Abstract
Objective
Triple-negative breast cancer (TNBC) represents an aggressive and prognostically poor variant of breast cancer. Over the years, detailed research has been conducted and published in Western literature. However, there lacks a detailed account of TNBC cases from the perspective of a low-volume institution. This study aims to assess the clinical features of TNBC, as well as their prognostic implications in a tertiary care centre.
Methods and materials
This prospective observational study took place at a tertiary health centre for two years, spanning from 2021 to 2023. The study aimed to investigate various clinicopathological and epidemiological parameters, thereby highlighting the shortcomings in the existing knowledge about the subject in the context of a low-volume centre, as well as additional contributing factors in developing countries like India. A group of 150 participants diagnosed with TNBC through biopsy and immunohistochemistry and >40 years of age were included in the study. Patients who tested positive for hormonal receptors and who refused to give consent for participation were excluded from the study. The study subjects were categorized according to their clinical TNM (cTNM) stage and eventually segregated into two primary heads, namely pre-surgery chemotherapy with breast-conserving surgery (BCS) after a good response, or modified radical mastectomy (MRM) upfront. Important demographic details, including age, socioeconomic status, and education, were also recorded. A comprehensive follow-up assessment post-treatment was performed to detect early recurrence. After data collection, the recurrence rates were correlated with the TNBC status to establish the aggressiveness of the cancer. Statistical analysis of the data was done using the Statistical Package for Social Sciences (SPSS) -16version software.
Results
The average age of the 150 participants in the study was 52.21 years (SD±4.89 years). The highest recorded age was 64 years, while the lowest recorded age was 45 years. In the study, it was observed that 41% of the participants diagnosed with TNBC had stage III disease, whereas 33.5% had stage I disease, 22% had stage IV disease and 3.6% had stage II disease. A total of 27.5% of individuals with TNBC exhibited metastases in various anatomical sites, whereas the other 72.5% did not show any signs of metastasis.
Conclusion
Triple-negative breast cancer has earned its position as a unique subtype of breast cancer due to its unusual molecular characteristics, aggressive behavior, limited treatment options, and poor prognosis. The lower per-capita income and limited knowledge pertaining to this variant, along with the absence of more specific treatment options, contribute to the already high levels of morbidity and mortality associated with this illness. To effectively address this unique and very virulent ailment and customize our strategies, it is imperative to do further comprehensive investigations, thereby enabling us to deliver the highest quality of medical attention to individuals afflicted by this pathology.
Keywords: pathology, clinical, prognosis, staging, triple negative breast cancer
Introduction
Breast cancer has become increasingly recognized as a heterogeneous illness in recent decades due to its varied presentation, large range of diagnostic tests, varying prognosis, and many treatment options [1]. Over time, numerous systems have been developed to classify carcinoma of the breast, of which immunohistochemistry has emerged as the most recent addition.
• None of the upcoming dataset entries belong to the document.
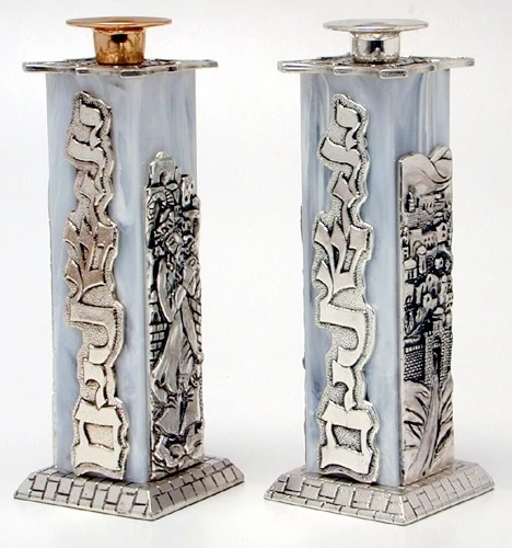 פמוטים לנרות בצבע לבן ירושלים "שבת קדש"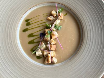 Zvýhodněné menu Lososová polévka, bylinky * Vepřová panenka, pistácie, brambory, bylinky * Denní dezert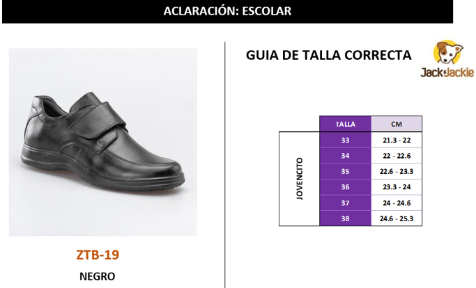 ZTB-19 || ESCOLAR || GUIA DE TALLAS Se adjunta la guía de tallas correcta del modelo Jack & Jackie ZTB - 19 en color negro.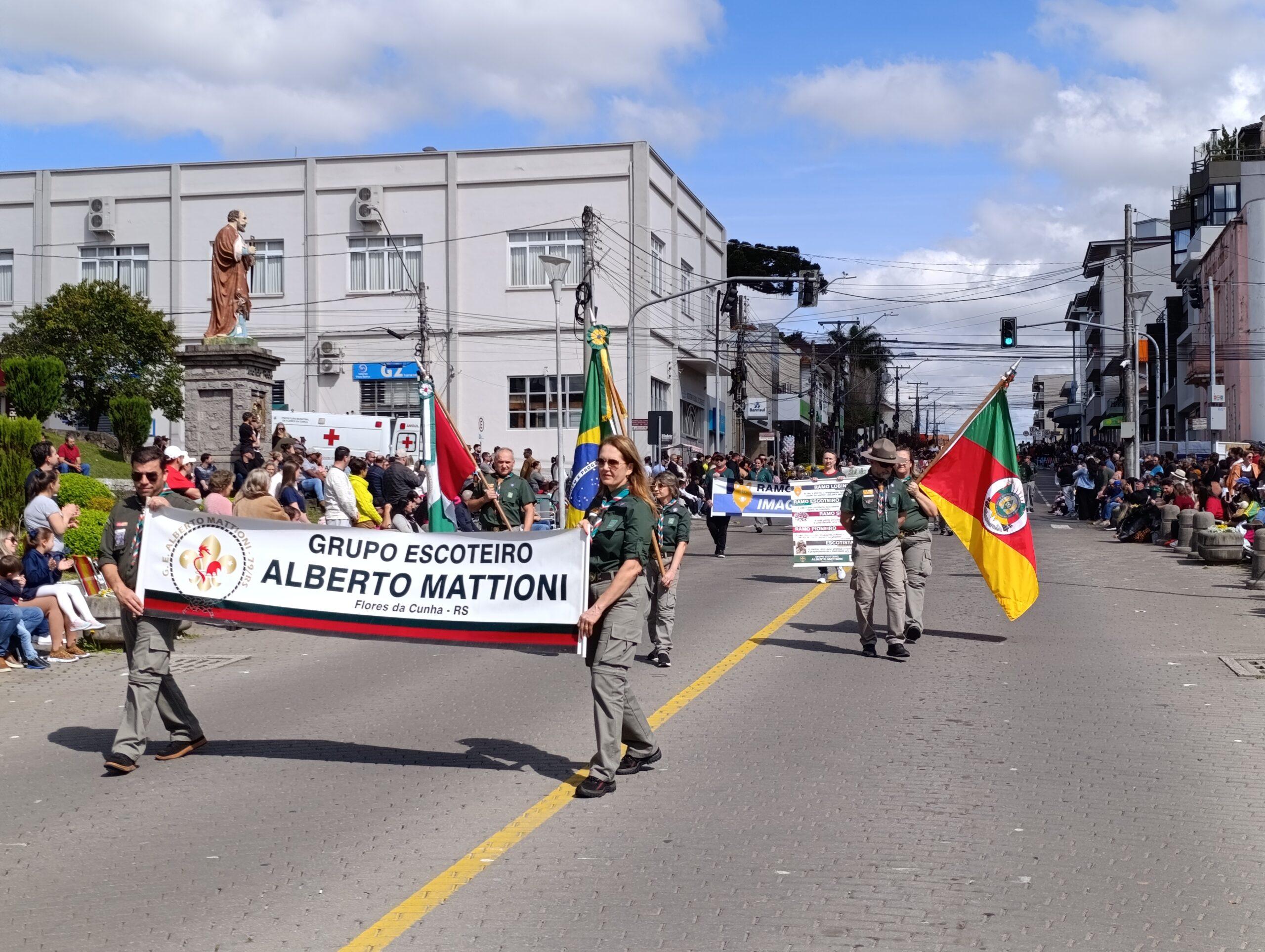 O Grupo Escoteiro Alberto Mattioni foi um dos que desfilou na tarde deste domingo. De acordo com o presidente, Dante João Sandi, 59 anos, é uma honra representar a entidade em eventos como este.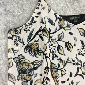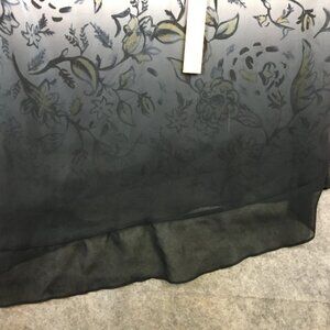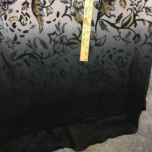 Lane Bryant Dress 14 16 Cocktail Watercolor Floral Ombre Midi Asymmetric Black Sleeveless V Neck Lined Chiffon Shell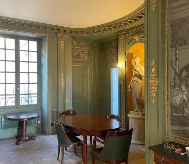 Appartement dans château offers accommodations in Limay, 28 miles from Palace of Versailles. With free private parking, the property is 23 miles from Saint-Germain Golf Course and 28 miles from Gardens of Versailles. Guests can use a garden. With free Wifi, this 2-bedroom apartment provides a flat-screen TV, a washing machine, and a fully equipped kitchen with a dishwasher and oven. Towels and bed linen are provided in the apartment. The property offers garden views. Paris - Orly Airport is 45 miles away.

In 2000, Perou et al. introduced a distinctive categorization scheme for breast cancer, which identified four distinct entities with varying prospects. Each subtype was found to possess distinct clinical characteristics and prognostic outcomes [2].
Triple-negative breast cancer (TNBC) constitutes only 5-20% of the total share of breast malignancies. It has demonstrated a higher level of aggressiveness in comparison to breast cancer which is positive for hormone receptors. During the initial 8-year period subsequent to diagnosis, around 33% of individuals diagnosed with TNBC may experience a distant recurrence [3]. Our study aims to provide insight into the epidemio-pathological characteristics of TNBC, which are poorly understood due to a lack of data relevant to TNBC cases in India.
Materials and methods
This prospective observational study took place at a tertiary health centre for a duration of two years, spanning from 2021 to 2023. A group of 150 participants with age >40 years diagnosed with TNBC confirmed by biopsy and immunohistochemistry (Figures 1-2 wherein triple negative hormone receptor status of one participant has been demonstrated) were included in the study. Important demographic details including age, socioeconomic status, and education were also recorded. Following the completion of the management, important pathological features of the tumor were recorded including the final histopathological staging, as well as the associated histological grading (Modified Bloom-Richardson grading). In accordance with pre-established protocol, subsequent to the completion of the surgical procedure, the patients were administered adjuvant chemotherapy and/or radiotherapy. The decision regarding the specific treatment modality was determined based on the final histopathological grading of the tumor as well as its overall aggressiveness. A comprehensive follow-up assessment post-treatment was performed to detect early recurrence. After data collection, the recurrence rates were correlated with the TNBC status to establish the aggressiveness of the cancer. The statistical analysis of the data was done using the SPSS-16 version software (SPSS Inc. Released 2007. SPSS for Windows, Version 16.0. Chicago, SPSS Inc.).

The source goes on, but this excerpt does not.